A *wobbly* number is a positive integer whose digits are alternately zero and non-zero with the last digit non-zero (for example, 201). Find all positive integers which do not divide any wobbly numbers.

**Solution**

Answer: multiples of 25 and multiples of 10.

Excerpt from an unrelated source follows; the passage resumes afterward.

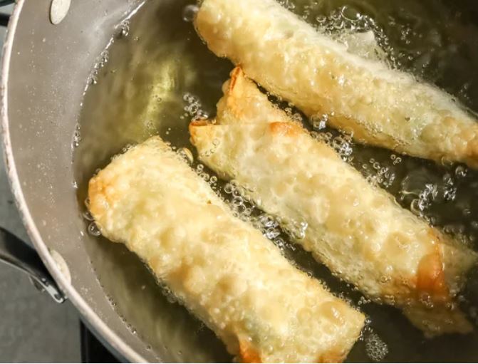 Начинка для этих яичных рулетов готовится из простой смеси куриного фарша, замороженных овощей для жарки, имбиря и чеснока. Для приготовления блюда вам также понадобятся яичные рулеты и растительное масло для жарки, а для подачи можно приготовить кисло-сладкий соус.
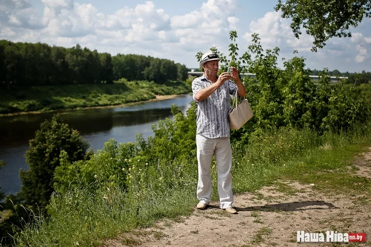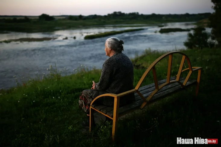 «Гляджу, як сонца заходзіць за Богаву гару. Гэта вось там, на паўночным беразе», — сядзіць жанчына на лаўцы над абрывам. Яна прыехала ў Дзісну ў 1950-х з Сібіры. І цяпер штовечар прыходзіць сюды, на гэтую лаву.

A multiple of 10 ends in 0, so can never be wobbly. A multiple of 25 ends in 25, 75, 50 or 00, so cannot be wobbly. So these numbers certainly satisfy the condition. We have to prove that no other numbers satisfy it.

If m is not divisible by 2 or 5, then it is coprime to 10. 10^{k} - 1 is also coprime to 10 for any k > 0, so we can find a positive integer h such that 10^{h} = 1 mod m(10^{k} - 1). Hence also 10^{kh} = 1 mod m(10^{k} - 1). But (10^{kh} - 1) = (10^{k} - 1)(10^{k(h-1)} + 10^{k(h-2)} + ... + 10^{k} + 1), so 10^{k(h-1)} + 10^{k(h-2)} + ... + 10^{k} + 1 is a multiple of m (*).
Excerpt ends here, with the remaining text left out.